The deliberate impact not only shortened the orbital period of Dimorphos by half an hour from its original twelve, but slowed the orbit of the pair around the Sun by... 10 micrometers per second.
The experiment was four years ago; it took a while for the difference to add up to enough to detect.
- Don't bother looking to the skies: Astronomers have found a galaxy that is estimated to be made of 99.9% dark matter. (CNN)
If it's dark, you ask, how did they find it?
With extreme difficulty. With extreme difficulty and three telescopes.
Tech News
- The first car - for small values of "car" - has rolled off the production line at solar car maker Aptera. (Electrek)
If it feels like that's taken twenty years, it may be because it has. Aptera was founded in 2006, with its corporate existence punctuated with a couple of bankruptcies along the way.
- OpenAI's head of robotics has resigned after the company signed a contract with the Department of War. (Engadget)
OpenAI doesn't make robots, so the impact is not likely to be significant.
- Apple's 18 core M5 Max's CPU performance is mediocre compared to high-end server and workstation CPUs, but its integrated graphics performance is stellar - at least on synthetic benchmarks. (Tom's Hardware)
Yes, that's the opposite of the article's headline. The article is deliberately stupid.
- Who has the fastest cloud servers? Amazon, at least if you're in a datacenter with the new Amazon Turin (Zen 5) CPUs available. (Ecuadors)
The new C8 instances are a lot faster - as much as 70% - than the Zen 3 C6 instances that we were using at my day job before we moved out of Amazon entirely.
The associated Hacker News thread notes that you can get even better performance by the simple trick of running your own server.
And save a ton of money.
- The new MacBook Neo is up to 40% faster than the original M1 MacBook Air. (WCCFTech)
The same multi-threaded performance, but 43% faster single-threaded.
And that's using an iPhone CPU.
- The new MacBook Air is even more faster. (Notebook Check)
And more expensive, but it does have 16GB of RAM which the Neo can't do.
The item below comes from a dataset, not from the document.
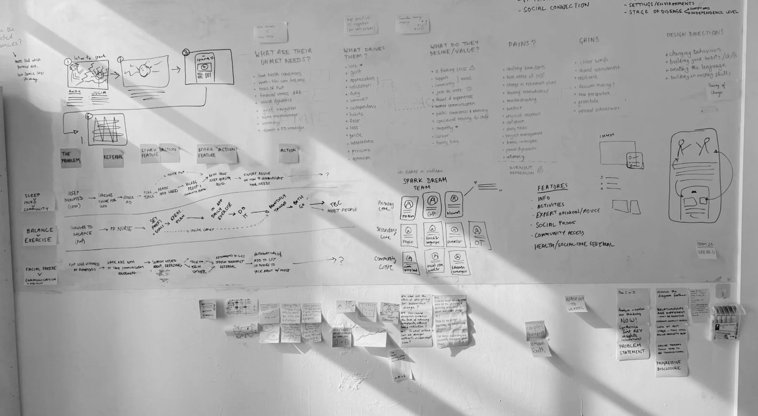 While there are apps that help track symptoms with a clinical focus on the PwP, Spark focus on the couple's journey and guides them through their search to learn more about their diagnosis and quest for physical therapy. The mechanism we propose is to deliver emotional wellbeing benefits by leveraging physical and social wellbeing.
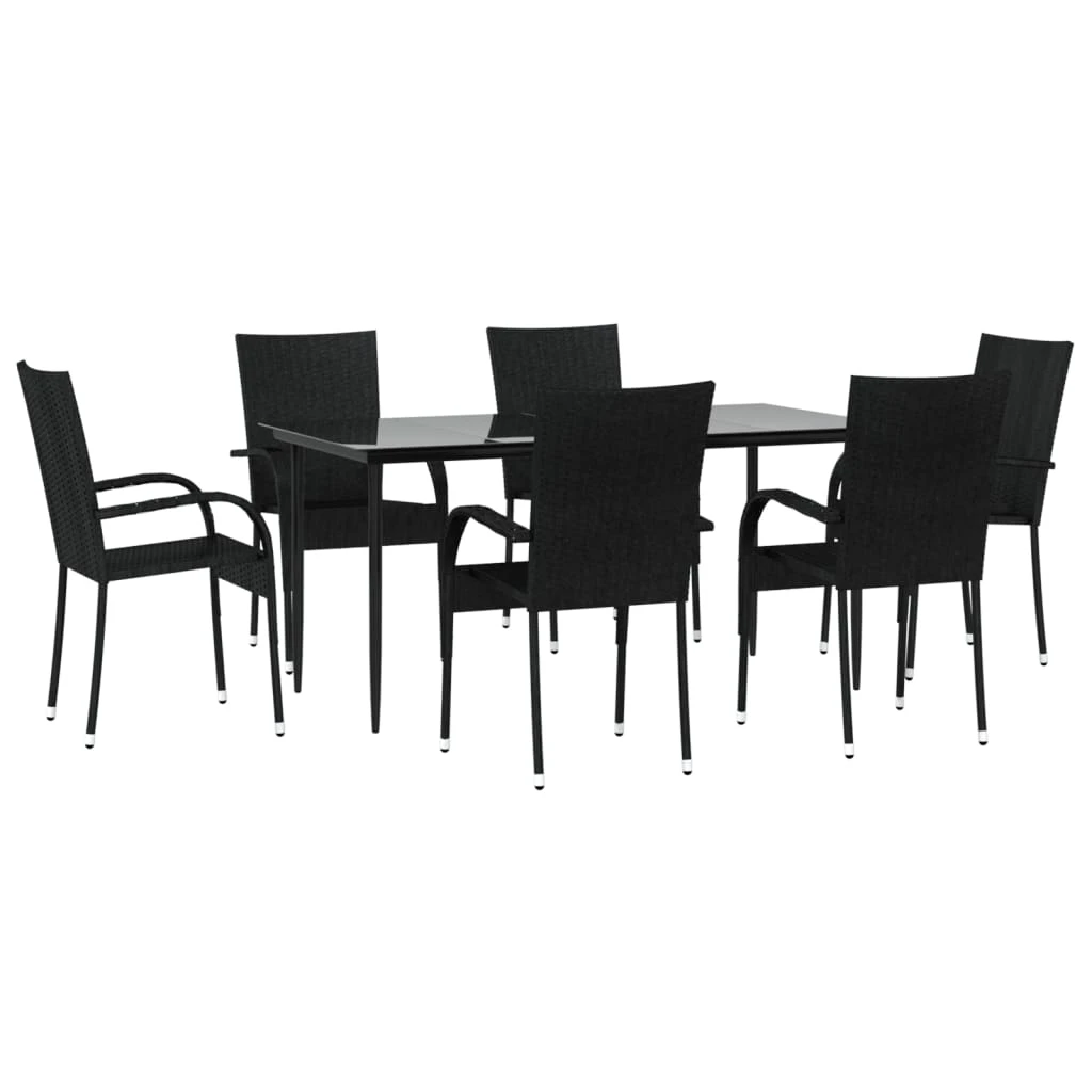 vidaXL 7-daļīgs dārza mēbeļu komplekts, melns, PE rotangpalma

And a wide colour gamut display, which likewise.
- Not entirely sure you can do that. (The Register)
The maintainer of Python package Chardet, which dets chars, replace the manually-written code with a version largely generated by Anthropic's Claude, and swapper the license from LGPL to MIT, raising complaints from the original developer (maybe) who assigned the license, which prohibits future relicensing.
The thing is, "copyleft" licenses in the GPL depend on copyright law for enforcement, and AI-generated content can't be copyrighted, at least in the US, so...
If he'd just renamed the package it would probably be fine.
Also, it apparently rewrote and optimised the inner loop of the code to be 48 times faster, which is something of a win.